You have tried drugs and therapy and say that did not work, but there are many kinds of therapy and many kinds of chemicals. If you've been drinking and doing a lot of drugs, or if you're nutritionally unbalanced, your brain may not be working right as of late. Does it feel as though there is a layer of cardboard between your thoughts and your sensation? People write to me and suggest all kinds of things for what you describe -- fish oil, for instance, and vitamin B. They write and say, "I was awful and then I started taking these amino acids!" Who am I to doubt them? There are all kinds of reasons why we don't function right. It's amazing what the right chemistry can do. Ask yourself what you need: Protein and vitamins? Salmon and greens and rice. A steak? Some lentils? Whatever pops into your mind. Go take a run. Lift some weights. Take a swim. Go hear some music. Take yourself out of yourself.

I say to you, my young friend, two and a half times your age in my exhausted and ravaged serenity, that these things take years to unravel. We encounter blazing moments of ecstasy and then the sun goes gray.

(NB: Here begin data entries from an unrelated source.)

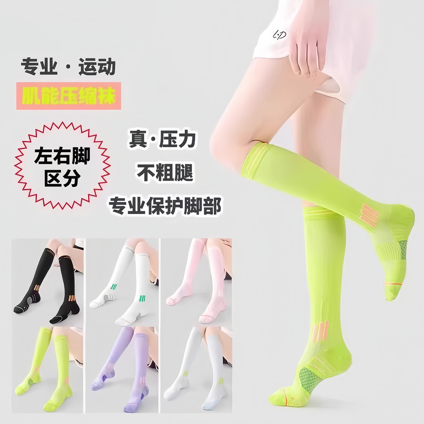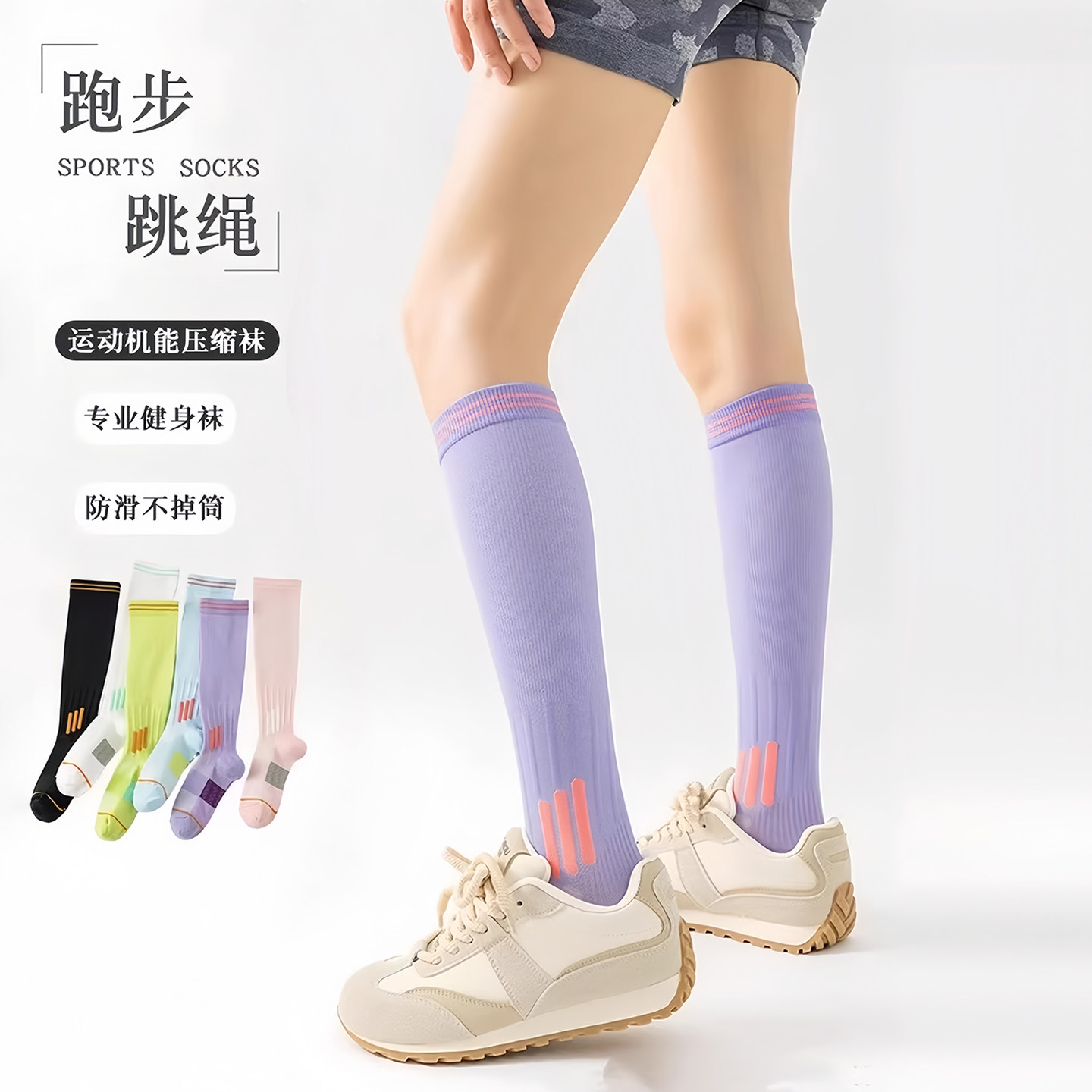 专业运动袜女四季 通用压缩健身跑步跳绳跑步速干小腿袜户外压缩袜
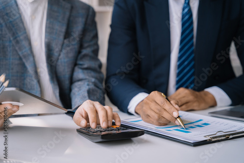 Business team to calculate financial information to invest in new projects.
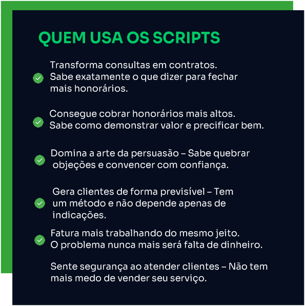 Ter acesso aos scripts de vendas para advogados, que foram validados por 16 anos, com as melhores abordagens e técnicas de vendas.
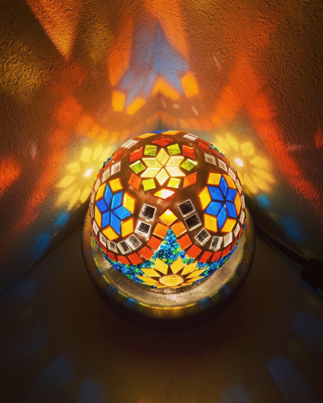 アンティークっぽい色づかいでオリエンタルな雰囲気をお楽しみ頂けます。点灯していなくても可愛らしくインテリアとしてもオシャレです。点灯すると幻想的な灯りが落ち着いた優しい空間を作り出します。画像1、2、3枚目は電球スタンド使用。4、5枚目はロウソク使用。是非トルコランプの世界観をお楽しみください♡
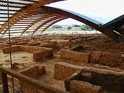 - El barrio Λ estaba al este del ágora. En él se han excavado tres casas pertenecientes al periodo neopalacial y que continuaron siendo utilizadas en el periodo micénico.
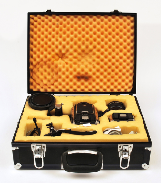 CASED ZENZA BRONICA, BLACK, ZENZANON MC LENSE 1:2.4 F=80MM, 801672. WITH 2 X VIVITAR AUTOMATIC TELE CONVERTER, FLASH UNIT CM 51141, HOYA 77MM LENSE UV(O), GRIP AND OTHERS (E CASE E-M)
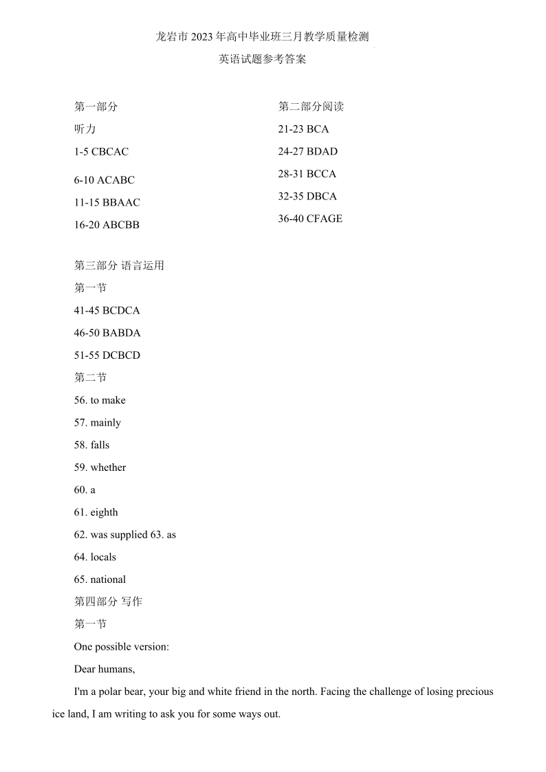 2023福建省龙岩市高三3月教学质量检测英语答案
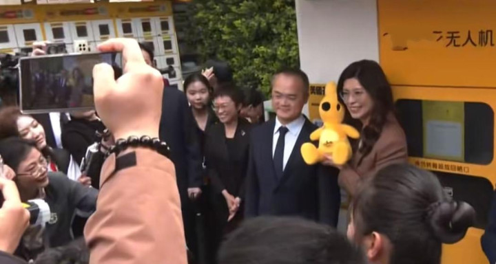 这个玩偶是一个黄色的袋鼠公仔,是王兴送给郑丽文的礼物,也是美团的吉祥物,没想到年过半百的郑女士爱不释手,一直拿在手里,还说要带回台湾。
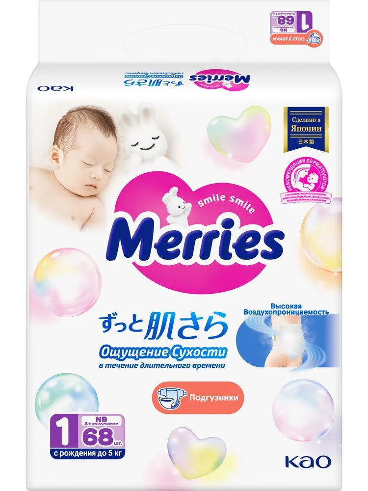 Подгузники для новорожденных Merries до 5 кг, 68 штНет оценокХарактеристики

Is it worth it, you ask? Would someone be hurt if you were gone? Of course someone would be hurt. But I think you are only asking when dinner will be served, if there will be a game on tonight, if someone will come by to comfort you in your vague but overwhelming sorrow. I am here to say yes, dinner will be served this evening. Someone will appear eventually. You just have to wait.

It is not easy, at 20, to wait. Waiting is what the hunter does, and the poet and the slugger. He waits for the moment of inevitability and fate and then he swings, or shoots, or takes up the pen to put down a line. They don't teach us to wait in America; they teach us to grab. But waiting is what we do when we are looking for something beautiful, when we are looking for an end to our sorrow. Nothing is infinite in life, not even sorrow. You just have to wait.

So maybe you are feeling the sadness of the one who waits. It is a sadness, that's true, but it's tempered by the sure knowledge that eventually a Buick will pull over and a stranger will give you a ride.

Not to be trite, but some people say, "Stick around for the miracle." I would say, if not the miracle, at least stick around for the Buick.